DATA SUPPLIED |

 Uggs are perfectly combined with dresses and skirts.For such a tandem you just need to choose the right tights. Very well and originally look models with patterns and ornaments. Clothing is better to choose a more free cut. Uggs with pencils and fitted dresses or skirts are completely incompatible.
---
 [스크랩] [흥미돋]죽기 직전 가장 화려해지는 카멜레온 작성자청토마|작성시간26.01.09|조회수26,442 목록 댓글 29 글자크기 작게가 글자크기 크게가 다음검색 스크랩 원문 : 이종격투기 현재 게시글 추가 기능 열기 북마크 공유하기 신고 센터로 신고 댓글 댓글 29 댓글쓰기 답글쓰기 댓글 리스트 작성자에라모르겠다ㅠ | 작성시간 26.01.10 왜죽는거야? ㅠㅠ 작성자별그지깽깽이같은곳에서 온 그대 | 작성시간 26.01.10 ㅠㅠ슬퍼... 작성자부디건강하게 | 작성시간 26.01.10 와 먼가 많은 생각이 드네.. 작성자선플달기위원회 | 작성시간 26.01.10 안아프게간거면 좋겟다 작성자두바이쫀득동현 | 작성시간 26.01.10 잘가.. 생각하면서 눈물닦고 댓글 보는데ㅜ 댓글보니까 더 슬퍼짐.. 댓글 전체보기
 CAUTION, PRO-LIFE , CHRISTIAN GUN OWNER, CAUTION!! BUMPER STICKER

ASSIGNMENT |
Only the lines above from the line with "[스크랩] [흥미돋]죽기 직전" to the line with "CAUTION, PRO-LIFE , CHRISTIAN", those two lines included, should be reproduced exactly.

ANSWER SECTION |
 [스크랩] [흥미돋]죽기 직전 가장 화려해지는 카멜레온 작성자청토마|작성시간26.01.09|조회수26,442 목록 댓글 29 글자크기 작게가 글자크기 크게가 다음검색 스크랩 원문 : 이종격투기 현재 게시글 추가 기능 열기 북마크 공유하기 신고 센터로 신고 댓글 댓글 29 댓글쓰기 답글쓰기 댓글 리스트 작성자에라모르겠다ㅠ | 작성시간 26.01.10 왜죽는거야? ㅠㅠ 작성자별그지깽깽이같은곳에서 온 그대 | 작성시간 26.01.10 ㅠㅠ슬퍼... 작성자부디건강하게 | 작성시간 26.01.10 와 먼가 많은 생각이 드네.. 작성자선플달기위원회 | 작성시간 26.01.10 안아프게간거면 좋겟다 작성자두바이쫀득동현 | 작성시간 26.01.10 잘가.. 생각하면서 눈물닦고 댓글 보는데ㅜ 댓글보니까 더 슬퍼짐.. 댓글 전체보기
 CAUTION, PRO-LIFE , CHRISTIAN GUN OWNER, CAUTION!! BUMPER STICKER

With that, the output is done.